#### [TASK TO CARRY OUT]
From the first line of the entries below through the line holding "View of the rustic kitchen", write out every line exactly, please, and leave out the pictures.

Stored dataset items:
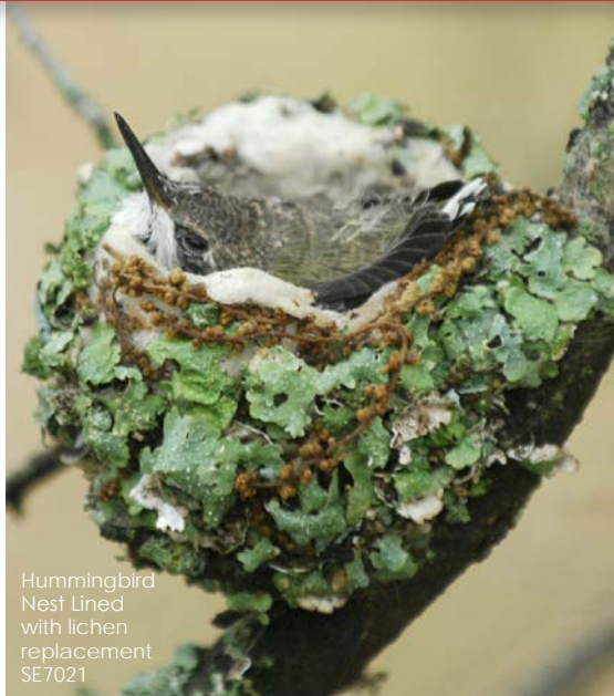
Hummingbird Nest Lined with lichen replacement SE7021

By far the most prevalent species is the Ruby-Throated Hummingbird. This Hummingbird is the only one found east of the Rocky Mountains. However, it has adapted well to human development and can be found anywhere there is shelter, space, and food. It is frequently seen in suburban backyards with mature trees and shrubs, in wooded parks, and around farmsteads.
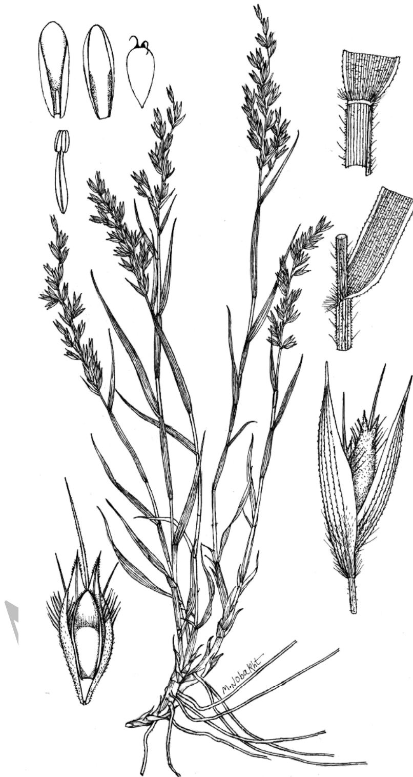
Fig. 1. Centropodia forskalii subsp. forskalii ( \times 0.5 ); spikelet, right ( \times 4.5 ); floret, left ( \times 8 ); ligule ( \times 2.2 ); lemma and palea ( \times 5 ); anther ( \times 10 ); ovary ( \times 5 ).
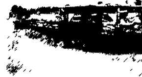
Hale Gooseneck Flat Bed Trlr, 36' Floor, 8' Deck, 7.50 16 Tires, 8,000 GVW $3,300
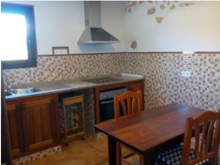
View of the rustic kitchen
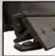
Spring-Trip Cutting Edge
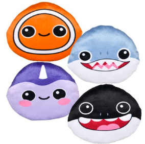
Aquatic Plush - $2.00
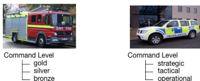
Figure 1. Example of diverse knowledge representation

For example, Figure 1 depicts how the fire brigade and the police represent different Command Levels .
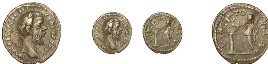
318 Pescennius Niger , Denarius, Antioch, 193-4, laureate head right, rev. Victory standing left inscribing shield atop column, 2.85g (RIC 83b; RSC 72a). Toned, fine and very rare £300-£400
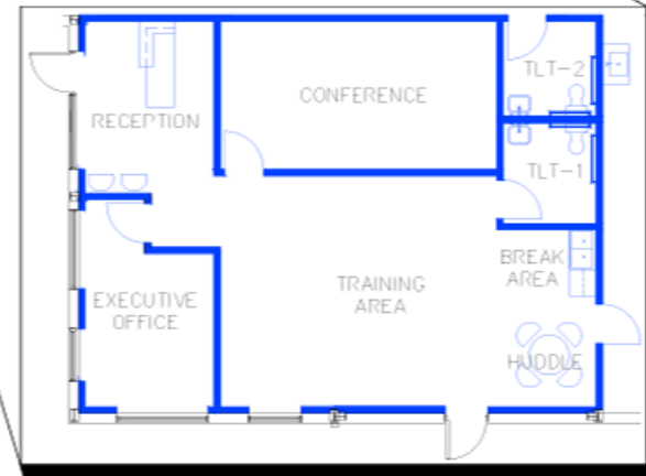
② ENLARGED OFFICE FLOORPLAN 1/8" = 1'-0" 1,080 SF
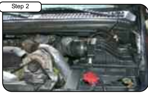
Complete Stock Intake. Disconnect battery before install.
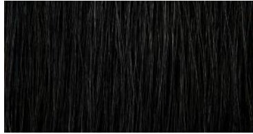
HORSEHAIR - JET BLACK
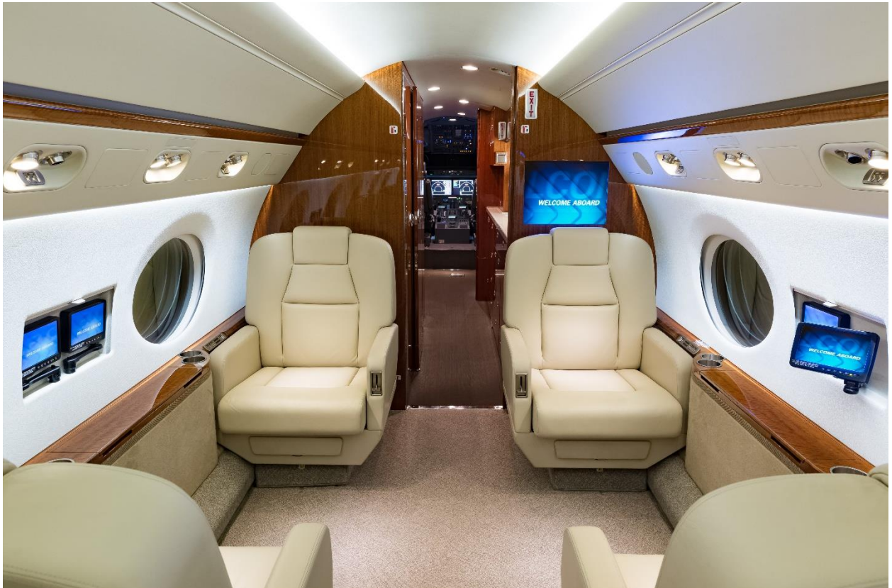
Forward Cabin looking Forward
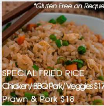
SPECIAL FRIED RICE Chicken/BBQ Pork/Veggies $17 Prawn & Pork $18 *Gluten Free on Request
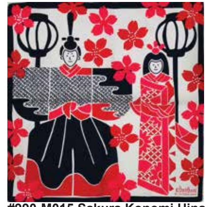
#990-M015 Sakura Konomi Hina 100% Cotton. 19.5" x 20" $17.60 each
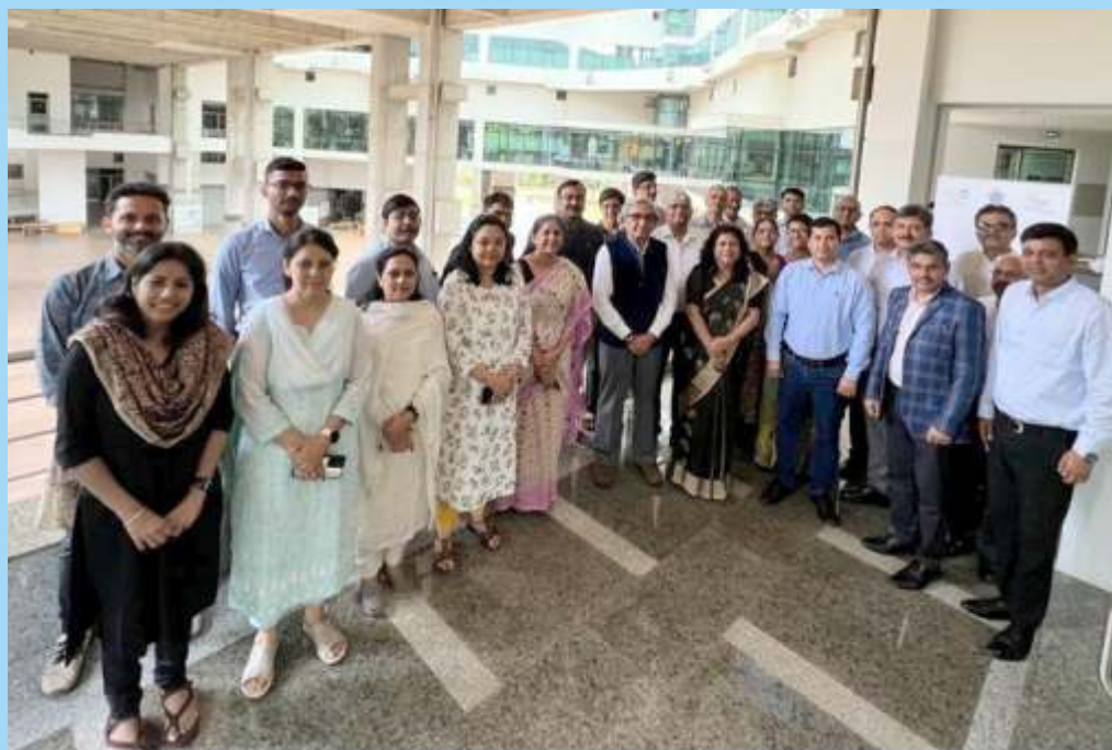
Glimpses of Brainstorming Meeting on Biomanufacturing of 'Enzymes'

The brainstorming meeting on Biomanufacturing of 'Enzymes' was held on 2nd September, 2023 at in Stem, Bengaluru. The meeting was attended by stakeholders, industry experts and representatives from BIRAC. The Stakeholders from academia and industry deliberated on the current status, challenges, and future directions in Enzyme Biomanufacturing sector. The focus of this meeting was to increase/widen the use of enzymes across industries and creating the ecosystem for manufacturing of enzymes in India, which are important to prepare India for a decarbonized tomorrow.
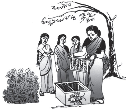
Fig. 6.5 Women in rural households take up bee-keeping as an entrepreneurial activity

Horticulture: Blessed with a varying climate and soil conditions, India has adopted growing of diverse horticultural crops such as fruits, vegetables, tuber crops, flowers, medicinal and aromatic plants, spices and plantation crops. These crops play a vital role in providing food and nutrition, besides addressing employment concerns. Horticulture sector contributes nearly one-third of the value of agriculture output and six per cent of Gross Domestic Product of India. India has emerged as a world leader in producing a variety of fruits like mangoes, bananas, coconuts, cashew nuts and a number of spices and is the second largest producer of fruits and vegetables. Economic condition of many farmers engaged in horticulture has improved and it has become a means of improving livelihood for many unprivileged classes. Flower
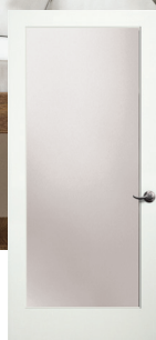
Ovolo French 8001

#### [RESPONSE BELOW]
Hummingbird Nest Lined with lichen replacement SE7021

By far the most prevalent species is the Ruby-Throated Hummingbird. This Hummingbird is the only one found east of the Rocky Mountains. However, it has adapted well to human development and can be found anywhere there is shelter, space, and food. It is frequently seen in suburban backyards with mature trees and shrubs, in wooded parks, and around farmsteads.
Fig. 1. Centropodia forskalii subsp. forskalii ( \times 0.5 ); spikelet, right ( \times 4.5 ); floret, left ( \times 8 ); ligule ( \times 2.2 ); lemma and palea ( \times 5 ); anther ( \times 10 ); ovary ( \times 5 ).
Hale Gooseneck Flat Bed Trlr, 36' Floor, 8' Deck, 7.50 16 Tires, 8,000 GVW $3,300
View of the rustic kitchen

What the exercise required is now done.